“Right now, you stand at the precipice of long and rewarding careers of service and giving back to others. You’ve completed your courses, your laboratory work and your clinical experiences, and you are ready for whatever comes next.”
Marymount University President Irma Becerra motivated Nursing graduates of the Class of 2021 with those words on Thursday evening in Marymount’s Spring 2021 Nursing Pinning Ceremony, held in the Lee Center on Main Campus. Carrying a rich tradition in the nursing profession, pinning ceremonies are a symbolic welcoming of soon-to-be graduated nurses into the career field, and serve as a testament to their hard work and dedication over their years of study.
This semester, a total of 60 Nursing students from Marymount are graduating and will be joining the front lines of the continuing fight against the COVID-19 pandemic. Of that number, 38 students completed the traditional four-year BSN program while 22 were students in the University’s accelerated BSN program, which is available for individuals who hold a bachelor’s degree in another field and are aiming to switch careers.
Renowned and well-known for success, graduates from Marymount’s Nursing programs have a first-time pass rate of greater than 90 percent on the National Council Licensure Examination (NCLEX) for the past five years.
“A Nursing degree from Marymount is a significant step towards a fulfilling career. It has a high value, and is the foundation for professional practice,” President Becerra explained. “We have a solid reputation for preparing knowledgeable, skilled and caring nursing professionals – and health care agencies locally, nationally and internationally appreciate and recruit our graduates. They always come back to us, saying our Saints were exceedingly prepared and ready for their roles and have made a difference.”
Not only do Marymount Nursing graduates serve communities as clinically excellent nurses, but as ambassadors of the profession.

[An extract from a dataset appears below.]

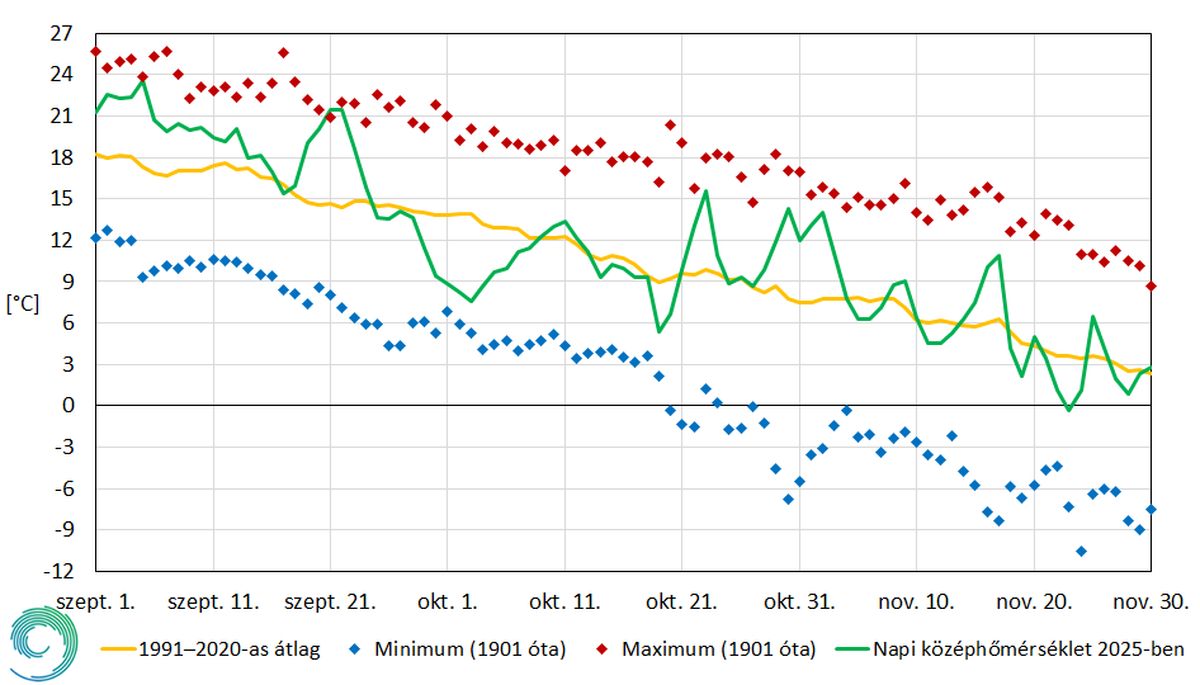 Október 3-án több, mint 6 fokkal maradt el a napi középhőmérséklet országos átlaga a normál értéktől, Zabar állomásunkon pedig -4,6 fokig hűlt a levegő, amivel megdőlt az országos napi minimumhőmérséklet rekordja. Október 4-én egy érkező frontrendszer okozott országszerte kisebb csapadékot, majd fokozatos melegedés vette kezdetét és október 8-tól az átlagos körül alakult a hőmérséklet. Ezt követően anticiklon miatt számottevő csapadék október közepén sem volt, a frontok többnyire a Kárpát-medencétől keletre vonultak el. Nagyobb napi hőingás jellemezte ezt az időszakot, a derültebb tájakon fagy is előfordult, majd a délutáni órákra jellemzően 20 fok közelébe melegedett a levegő. Október 18-án egy hidegfront mögött kitisztult a levegő, emiatt másnap az ország nagy részén fagyott, több állomásunkon -5 fok alatt volt a minimumhőmérséklet. A következő napokon délies áramlással átmenetileg jelentősen melegebbé vált az idő. Október 22-én és 23-án a legmagasabb hőmérséklet az ország nagy részén meghaladta a 20 fokot, a déli határnál 25 fok közelében volt és az éjszakai fagyok is megszűntek. Jelentős változást az október 23-án érkező hidegfront hozott. Az ország jelentős részén 10 mm-t meghaladó csapadék hullott, de a Dunántúl északi és nyugati tájain sokfelé 30 mm-nél is több esett (pl. Dabrony: 56,4 mm), és az országos átlag is meghaladta a 20 mm-t, amivel országos viszonylatban a 2025-ös ősz legcsapadékosabb napja lett. A hidegfront mögött több fokkal visszaesett a hőmérséklet. Az október utolsó hetét változékony időjárás, gyakori frontátvonulások jellemezték. Október 24-én már csak északkeleten hullott nagyobb mennyiségű csapadék, majd 25-én az Alföld középső részén alakultak ki zivatarok, majd 26-án nyugaton és délen, 27-én északon esett néhány mm eső. Egy hullámzó frontrendszer előoldalán melegebb levegő áramlott térségünkbe, emiatt a szokásosnál több fokkal melegebb idővel teltek október utolsó napjai. November elején is folytatódott az átlagnál melegebb időjárás, többfelé 20 fokot meghaladó maximumhőmérsékletekkel. November 2-án Sellyén 24,2 fokig melegedett a levegő, majd november 3-án a frontrendszer átvonult az ország felett és mögötte az átlagos közelébe csökkent a hőmérséklet. Jelentősebb csapadék a Dunántúl nyugati felére érkezett. A front mögött kitisztult és csapadékmentes napok következtek, többnyire sok napsütéssel, de helyenként (pl. Sajó völgye) tartósabban megmaradt az éjszaka képződött köd. A gyenge éjszakai fagyokat követően a napos tájakon délutánra általában 15 fok közelébe melegedett a levegő. November 7-én és 8-án egy hidegcsepp okozott csapadékot főleg az ország keleti felén. A folytatásban anticiklon alakította időjárásunkat és november 9-től a köd és alacsonyszintű rétegfelhőzet egyre tartósabban megmaradt. November 12-én már csak a hegyvidékek emelkedtek ki az alacsonyszintű rétegfelhőzetből. Emiatt a legmagasabb hőmérsékleteket is ott mértük, például november 12-én 10,4 fok volt a legmagasabb mért hőmérséklet, amit Dobogókő állomásunkon mértünk, miközben síkvidéken általában 5–6 fok volt a maximum. November 14-én és 15-én egy közeledő frontrendszer hatására megélénkülő szél az ország déli felén nagyobb területen feloszlatta a rétegfelhőzetet, így a napos déli tájakon 15 fok fölé melegedett a levegő napközben. November 16-án már az északi vármegyékben is felszakadozott a rétegfelhő, több állomásunkon 20 fok fölé emelkedett a hőmérséklet, november 17-én az Alföldön zivatarok alakultak ki, majd november 18-ra átvonult a hullámzó frontrendszer. Többfelé jelentősebb mennyiség csapadék esett, ami nagyrészt eső volt, de a Mátra és Bükk magasabb részen havazott is és vékony hóréteg is kialakult. A hidegfront mögött kitisztult és a még felhősebb déli tájak kivételével nov. 19-én ismét megjelentek a fagyok, a legmagasabb hőmérséklet pedig 10 fok alá esett vissza. A folytatásban is maradt a változékony időjárás, november 20-tól egy mediterrán ciklon okozott tartósan csapadékos időt. Kezdetben eső hullott, majd a hegyvidékek mellett főleg a Dunántúlon síkvidéken is egyre nagyobb területen váltott át az eső havazásba. November 23-án reggelre a Dunántúlon síkvidéken nagy területen alakult ki 5–15 cm-es hóvastagság, míg a hegységekben (pl. Mecsek, Bakony, Mátra, Bükk) 20–30 cm hóvastagság alakult ki. November 23-án a Dunántúl keleti felén nagyobb területen egész nap fagyott, és reggelre a havas tájakon többfelé -5 fok alá csökkent a hőmérséklet. A november 23-án Pér repülőtér állomáson mért -9,4 fok az évszak legalacsonyabb mért hőmérséklete. November 23-án a napi középhőmérséklet országos átlaga is fagypont alatt maradt, -0,3 fok volt. A havas, hideg idő nem bizonyult tartósnak, mert egy újabb mediterrán ciklon előoldalán megenyhült és síkvidéken gyorsan elolvadt a hótakaró, valamint a Dunántúlon és északon jelentős mennyiségű eső is hullott. November 25-én a napi csapadékösszeg Gerecse tető állomáson 67,4 mm volt, ami új országos napi csapadék rekord. November utolsó napjaira az átlagos közelébe, kevéssel az alá esett vissza a hőmérséklet, az éjszakai fagyokat követően napközben is általában 5 fok alatt maradtak a maximumok, országosan jelentősebb mennyiségű csapadék már nem esett. Az évszak végén egyre inkább anticiklon alakította időjárásunkat, visszatért a párás, ködös, rétegfelhős időjárás. Az ősz utolsó napja is hasonló idővel telt, csak a délnyugati tájakon szakadozott fel a felhőzet és sütött a nap.

Class of 2021 members have already demonstrated this throughout the spring semester, volunteering their time in clinics like the Lubber Run Community Center to assist Arlington County’s efforts to vaccinate residents across the region. With the help of Marymount Saints, the County has been vaccinating about 1,000 people against COVID-19 every day.
They have also played a crucial role in the University’s own COVID-19 vaccination clinics, closely monitoring recipients of the vaccine for any potential side effects or reactions while also working hand-in-hand with organizers from the Army National Guard and Safeway. During the first clinic at the Lee Center on April 21, a total of 1,174 individuals received the Pfizer vaccine – and in the University’s second clinic this week, 1,056 returned for their second dose. An additional 15 individuals also received the single-dose Johnson & Johnson vaccine during the second clinic.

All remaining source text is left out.